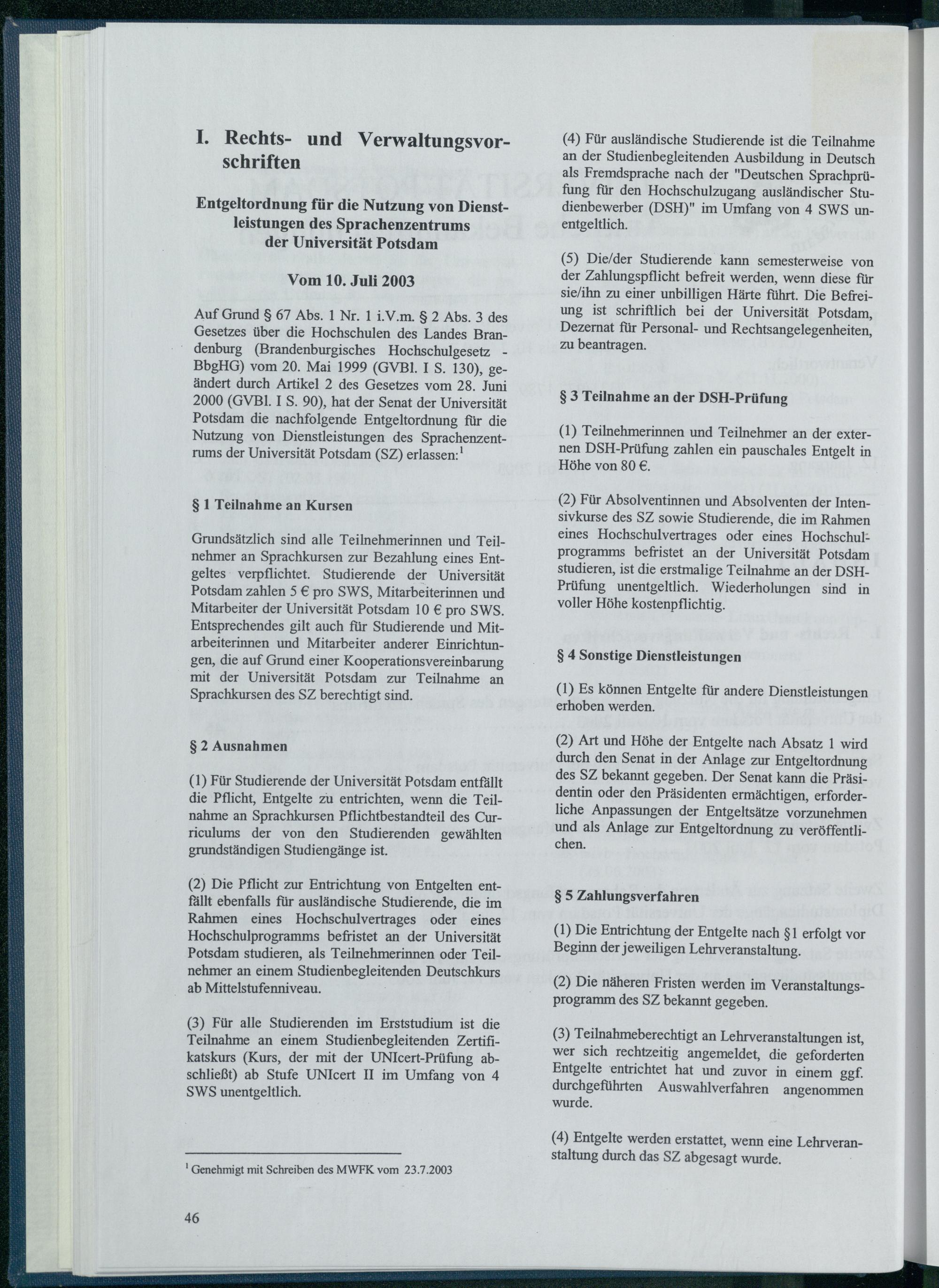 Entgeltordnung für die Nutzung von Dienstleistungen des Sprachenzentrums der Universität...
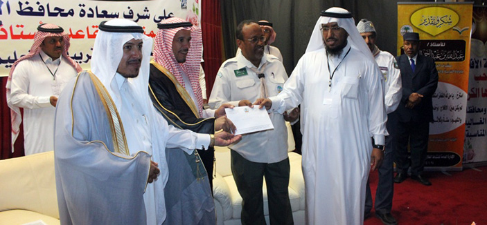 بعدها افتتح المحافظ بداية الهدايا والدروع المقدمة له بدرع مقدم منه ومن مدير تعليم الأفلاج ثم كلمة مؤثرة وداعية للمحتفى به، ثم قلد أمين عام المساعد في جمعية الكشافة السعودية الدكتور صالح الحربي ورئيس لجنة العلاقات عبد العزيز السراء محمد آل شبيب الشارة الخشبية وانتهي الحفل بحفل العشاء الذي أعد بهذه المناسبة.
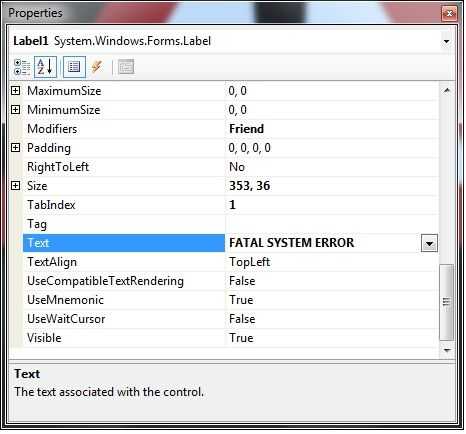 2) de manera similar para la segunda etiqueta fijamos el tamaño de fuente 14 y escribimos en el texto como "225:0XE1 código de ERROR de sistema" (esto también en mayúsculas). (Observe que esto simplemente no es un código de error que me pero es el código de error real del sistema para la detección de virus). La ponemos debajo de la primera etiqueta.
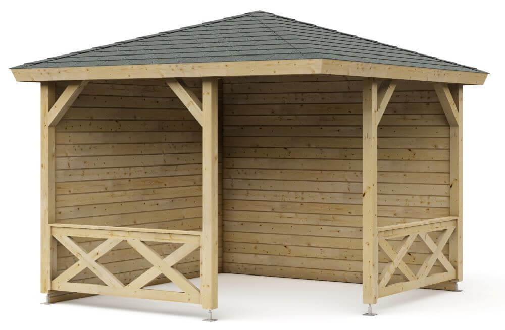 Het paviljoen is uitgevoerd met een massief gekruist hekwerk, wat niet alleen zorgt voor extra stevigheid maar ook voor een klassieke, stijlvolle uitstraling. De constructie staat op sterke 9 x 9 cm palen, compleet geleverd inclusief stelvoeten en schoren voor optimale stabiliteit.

About this exercise: The whole listing should be restated word for word, with no pictures.

Output for this task:
 Entgeltordnung für die Nutzung von Dienstleistungen des Sprachenzentrums der Universität...
 بعدها افتتح المحافظ بداية الهدايا والدروع المقدمة له بدرع مقدم منه ومن مدير تعليم الأفلاج ثم كلمة مؤثرة وداعية للمحتفى به، ثم قلد أمين عام المساعد في جمعية الكشافة السعودية الدكتور صالح الحربي ورئيس لجنة العلاقات عبد العزيز السراء محمد آل شبيب الشارة الخشبية وانتهي الحفل بحفل العشاء الذي أعد بهذه المناسبة.
 2) de manera similar para la segunda etiqueta fijamos el tamaño de fuente 14 y escribimos en el texto como "225:0XE1 código de ERROR de sistema" (esto también en mayúsculas). (Observe que esto simplemente no es un código de error que me pero es el código de error real del sistema para la detección de virus). La ponemos debajo de la primera etiqueta.
 Het paviljoen is uitgevoerd met een massief gekruist hekwerk, wat niet alleen zorgt voor extra stevigheid maar ook voor een klassieke, stijlvolle uitstraling. De constructie staat op sterke 9 x 9 cm palen, compleet geleverd inclusief stelvoeten en schoren voor optimale stabiliteit.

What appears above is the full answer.